In the current research of image point clouds, the application of unmanned aerial vehicle image point clouds in large scale DEM data production is studied, the research of extracting refined point clouds by carrying out triangular mesh interpolation and constraint on the image point clouds is also studied, the research of effectively eliminating noise of the image point clouds by an iterative median filtering algorithm is also studied, the research of effectively filtering non-dense vegetation point clouds based on a cloth simulation algorithm is also studied, the DEM precision is effectively improved by an improved local maximum value algorithm on the filtering of the dense vegetation point clouds, and in combination with production practice, the DEM refined processing method based on orthographic image pixel-level dense matching point clouds is provided.
Disclosure of Invention
(One) solving the technical problems
Aiming at the defects of the prior art, the invention provides a DEM (digital elevation model) refinement processing method based on a pixel-level dense matching point cloud, which solves the problem that the precision of DEM generated by the traditional processing method is not high.
(II) technical scheme
In order to achieve the above purpose, the present invention provides the following technical solutions: a DEM (digital elevation model) refinement processing method based on pixel-level dense matching point cloud specifically comprises the following steps:
Step one, source data screening: after point cloud data are acquired by utilizing orthographic images and pixel-level dense matching, analyzing the point cloud data with different image proportions, and selecting proper point cloud data as source data;
Step two, classifying point clouds: after the source data in the first step are primarily screened, extracting through an orthographic image aiming at characteristic lines with consistent elevation values, uniformly assigning values, and acquiring the characteristic lines with uncertain elevation values by adopting a moving section window method and setting a window moving distance D;
Step three, classification limiting: estimating according to the actual point cloud density, setting the boundary range of the buffer area to be larger than the average distance of the point cloud, and reserving an error range between the elevation of the ground point and the elevation of the water edge;
Step four, denoising ground points: and (3) establishing an irregular triangular net by using the classified ground points, judging whether the water edge passes through the triangle according to the elevation value of the vertex of the initial triangle, acquiring the intersection points (xj,yj) of the water edge and two sides of the triangle, forming a new water edge by connecting the intersection points, and removing the ground points on the water surface by using the new water edge.

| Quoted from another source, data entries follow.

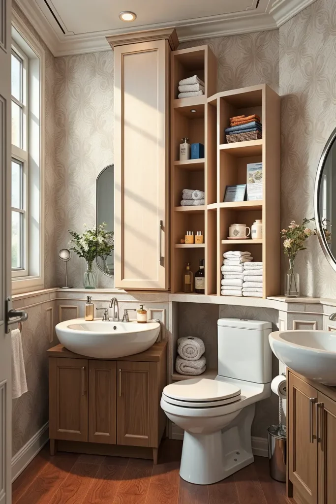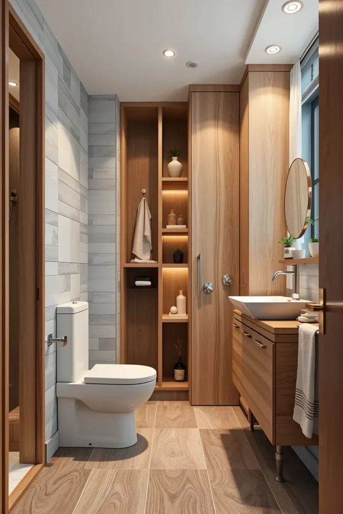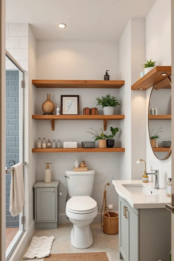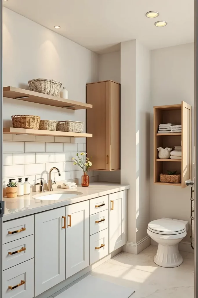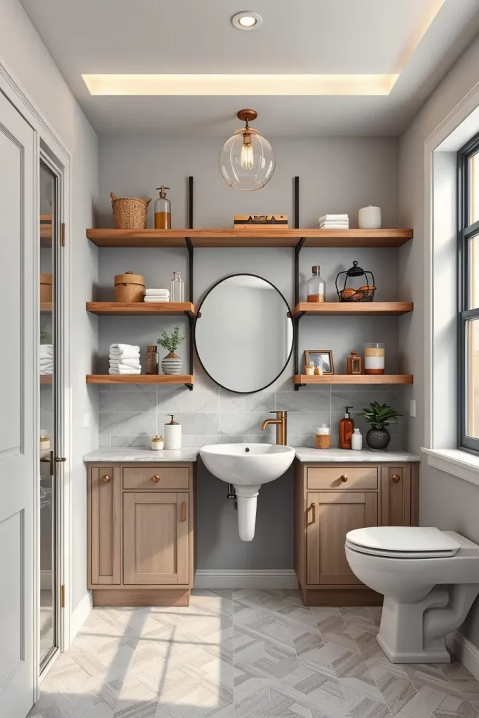 The items that I tend to incorporate include open wooden shelves over the toilet, partially open vanities, tall cabinets with open and closed parts, and floating shelves around the sink. I would like to work with such materials as natural wood, painted MDF, and metal brackets, to make a layered appearance. Day-to-day items should be closed and the open shelves should be used in the storage of items like rolled towels, or decorative jars, or greenery that adds color to the room.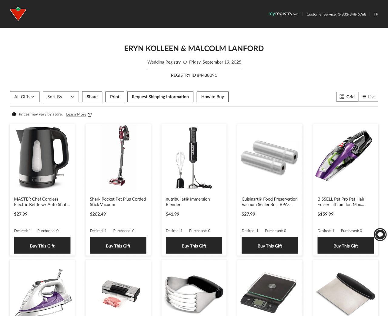 The co-branded navigation is live on this page: Canadian Tire logo on the left, MyRegistry on the right. The simplified nav proposal I made to stakeholders is what you see in production today.
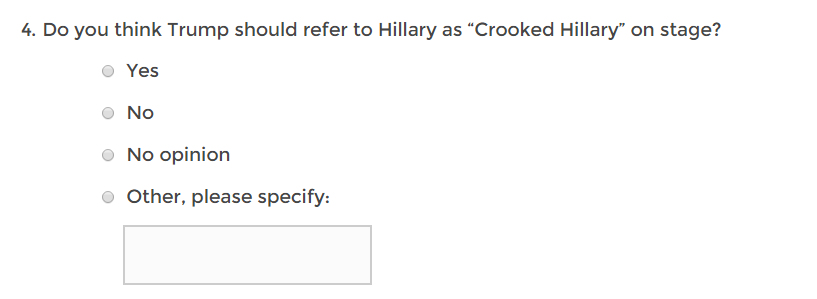 Donald Trump a l’art de donner des surnoms peu flatteurs à ses adversaires. Souvenez-vous de Low-energy Jeb pour Jeb Bush, Little Marco pour Marco Rubio ou encore Lyin’ Ted pour Ted Cruz. Le surnom qu’il a attribué à Hillary Clinton est tout aussi dévastateur: Crooked Hillary (Hillary la malhonnête). La question était de savoir s’il utiliserait ce surnom pour désigner son adversaire lors du débat, comme il le fait régulièrement lors de ses meetings. C’était d’ailleurs l’objet de l’une des questions du sondage auquel le candidat républicain avait invité ses sympathisants à participer sur son site web afin de l’aider à se préparer au débat. Pensez-vous que Trump devrait faire référence à Hillary comme « Hillary la malhonnête » pendant le débat?

The invention is further provided with: the orthographic image in the first step is an orthographic image of the unmanned aerial vehicle, a collineation equation of a single image is used as a base of adjustment, the positions and the postures of the images are adjusted to enable light rays of the same-name points of the whole model to reach the most favorable intersection, and then the model is fused into a required coordinate system to obtain three-dimensional coordinates (X, Y, Z) of the ground points.
The invention is further provided with: the pixel-level dense matching is a process of identifying homonymous points between two or more images through pixel-by-pixel matching, wherein the determination of homonymous points is based on a matching measure, and rough difference points generated in the matching process are deleted, so that a pixel-level dense matching point cloud based on an orthographic image is obtained.
The invention is further provided with: in the first step, the different image proportions are 1/2 and 1/4 respectively.
The invention is further provided with: and in the second step, the primary screening of the source data comprises screening out low points and isolated points in the point cloud data.
The invention is further provided with: the characteristic line in the second step also comprises a ground feature with obvious characteristics, including but not limited to a water edge line and a ridge line.
The invention is further provided with: and in the second step, the orthographic image is extracted by extracting three-dimensional coordinates of the ground points in the source data.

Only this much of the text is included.